What to know about new NY law on how businesses display credit card prices

A new state law that took effect Sunday changes rules for New York businesses about how they display prices for credit card purchases to customers.

The law requires businesses to display the total prices for items or services, including any credit card surcharges, before consumers check out, according to Gov. Kathy Hochul’s office.

The businesses can also display a two-tiered pricing option if they offer a cash discount. In those cases, the businesses can display the credit card price, alongside the price for using cash.

If businesses do offer a cash discount, they’re not required to display the lower price. They could just display the higher, credit card price and inform customers through signage that they’ll get a discount for using cash, the state said.

Either way, if there’s a higher price for using a credit card, it has to be shown explicitly to customers before they check out.

Companies can’t just display signs or notices stating they charge a certain additional percentage for using credit cards, according to the state. They also can’t just post a blanket statement informing customers they charge a fee for cards.

The new law mandates that businesses display the actual credit card prices for each item they sell or service they provide. Businesses could also just use a single price for cash and cards and display that.

The idea is that customers will always see that highest possible price they’ll end up paying, not a lower one that could increase later through a fee for using a card.

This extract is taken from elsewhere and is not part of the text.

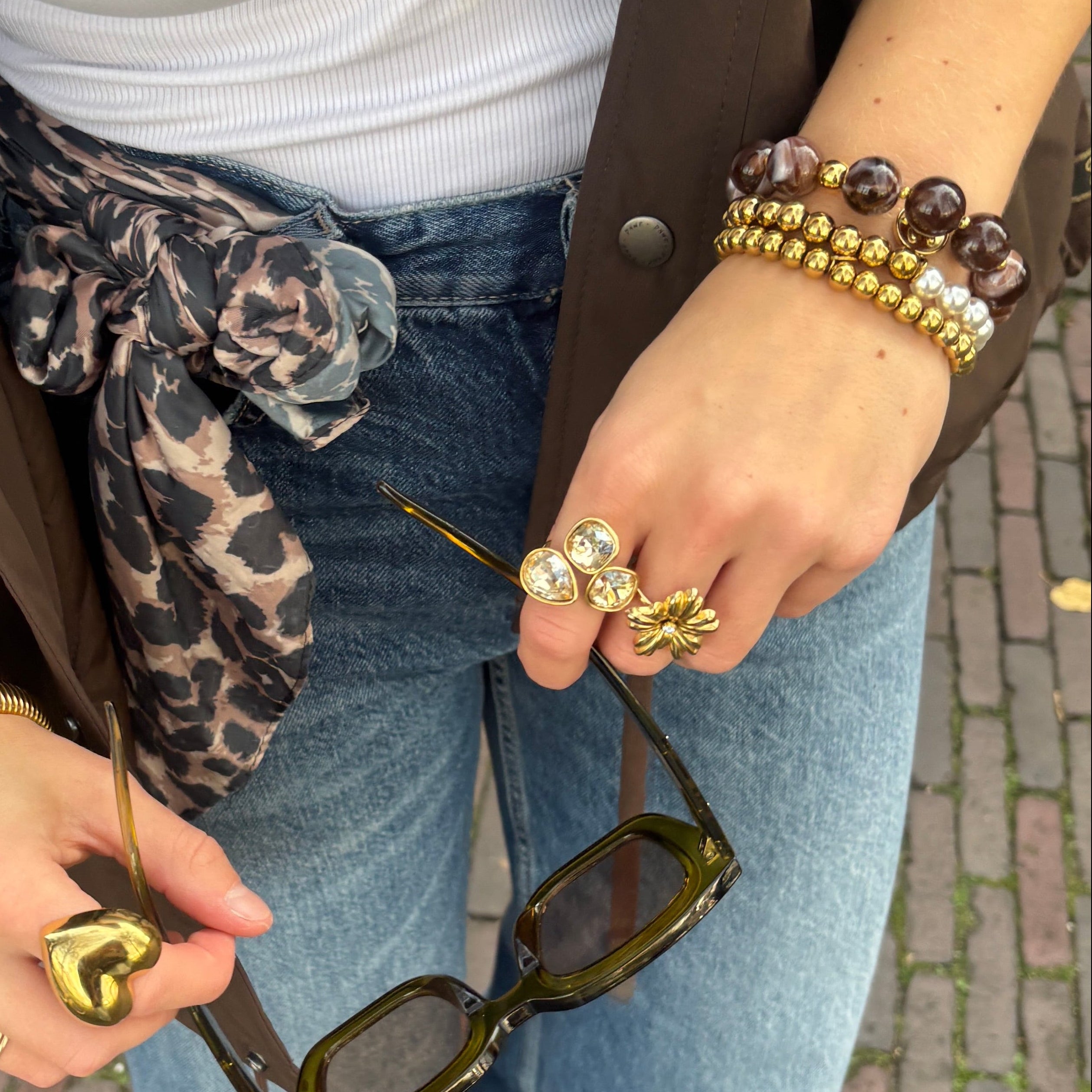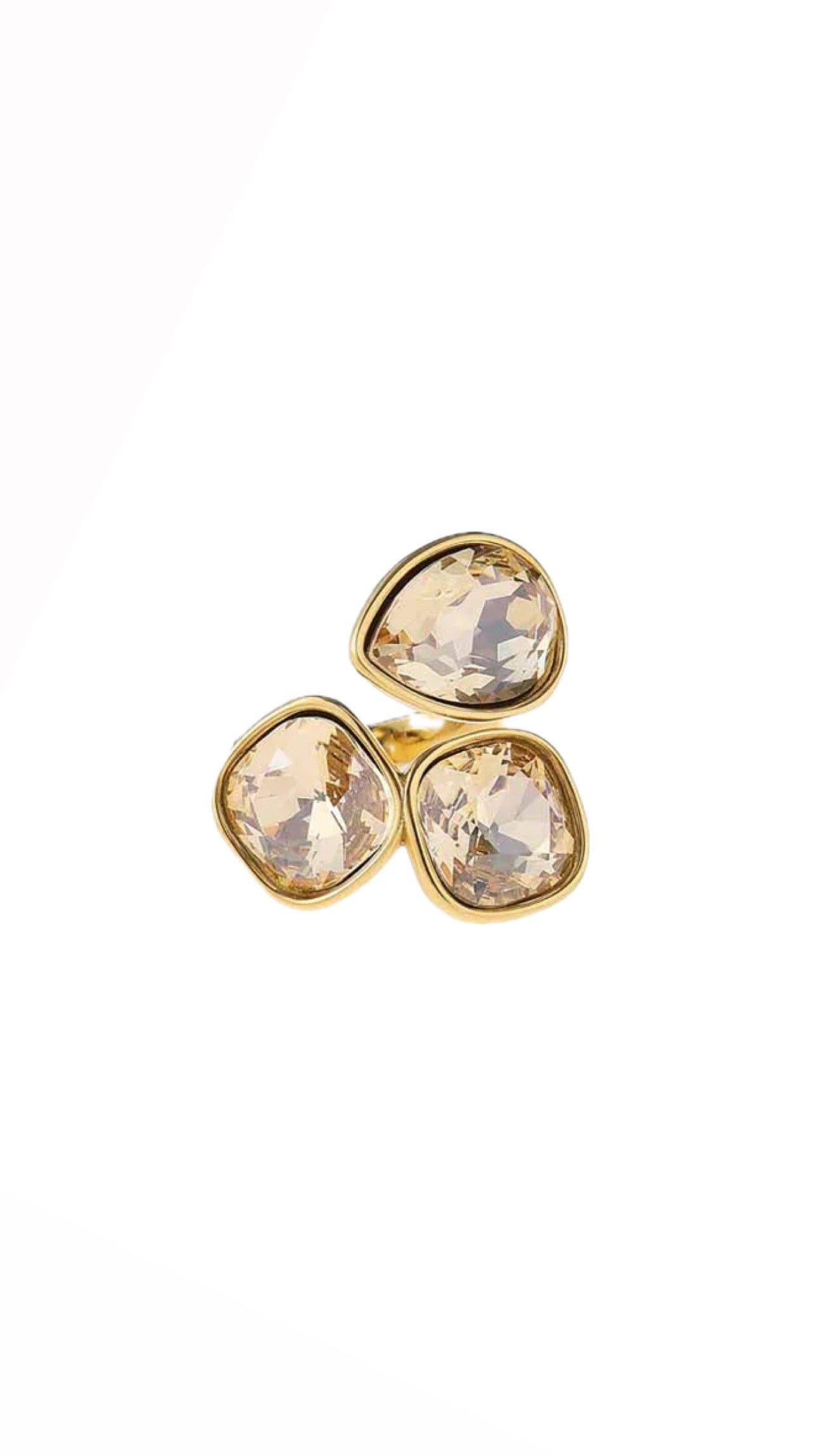 Deze prachtige ring is een uniek en elegant statement-item. Hij is voorzien van drie briljante kristallen in verschillende vormen — een vierkant, een peer en een kussen — allemaal prachtig gezet in een goudvergulde band. De rangschikking van de stenen creëert een modern, asymmetrisch design dat zowel opvallend als verfijnd is.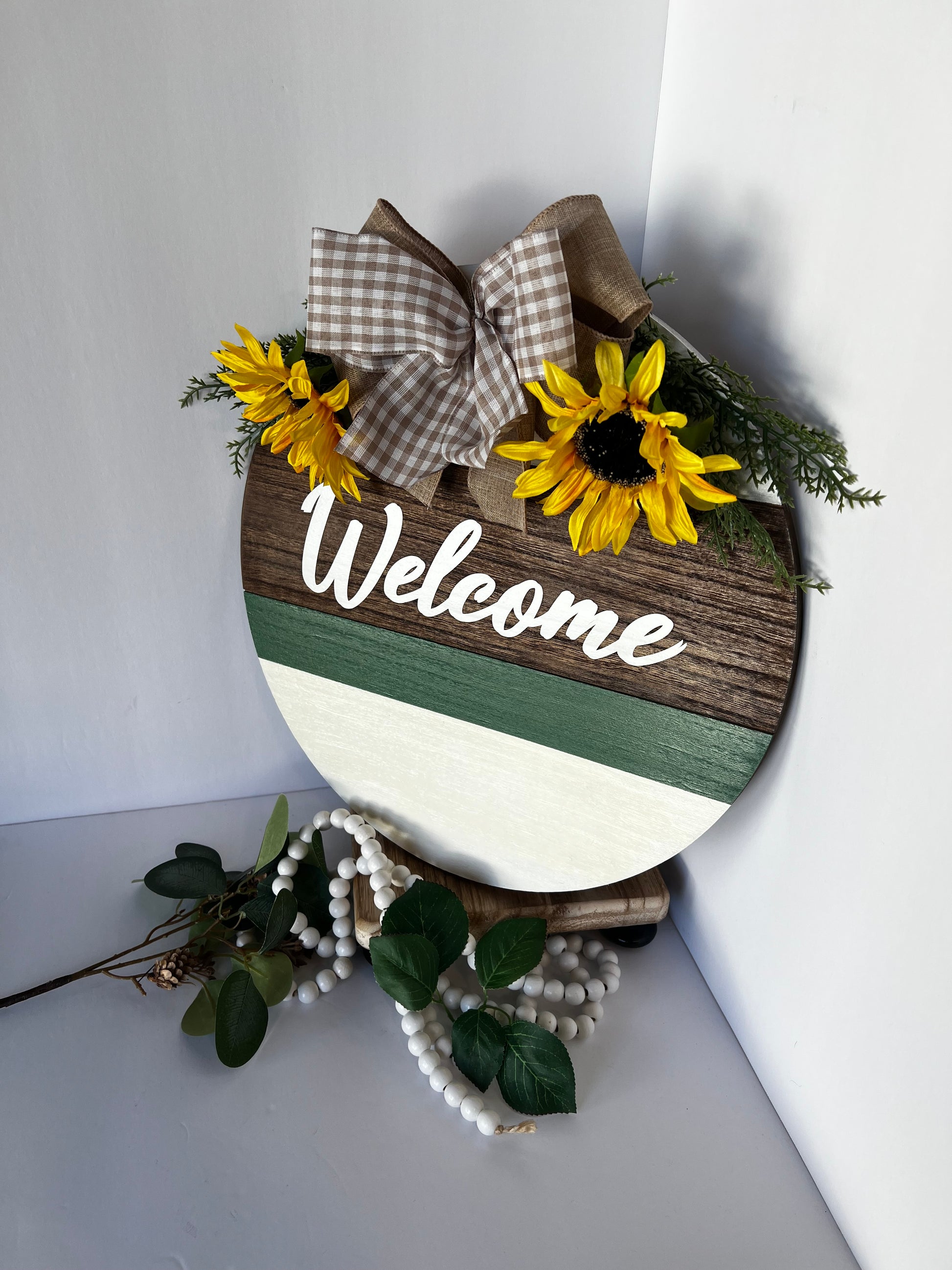 Welcome guests with warm farmhouse charm! This handcrafted wooden round door hanger features bright sunflower accents, a layered neutral bow, and a vinyl “Welcome” script. The mix of rustic wood tones and soft greenery makes it perfect for fall decorating, farmhouse homes, or year-round use.

The law also limits credit card surcharges to the amount charged to the business by credit card companies, Hochul’s office said.

The new law does not apply to debit cards, according to the state.

“New Yorkers should never have to deal with hidden credit card costs, and this law will ensure individuals can trust that their purchases will not result in surprise surcharges,” Hochul said in a news release. “Transparency is crucial in building trust between businesses and communities and now patrons will be empowered to budget accordingly.

Youssef Mubarez, the director of public relations for the Yemeni American Merchants Association, told The New York Times that the law creates more work for small businesses owners who are already stressed.

“They’re making the merchants look like the enemies by calling it ‘hidden fees’ when they’re not,” Mubarez said, according to the Times. “The only thing they’re trying to do is save money so they can keep their business alive.”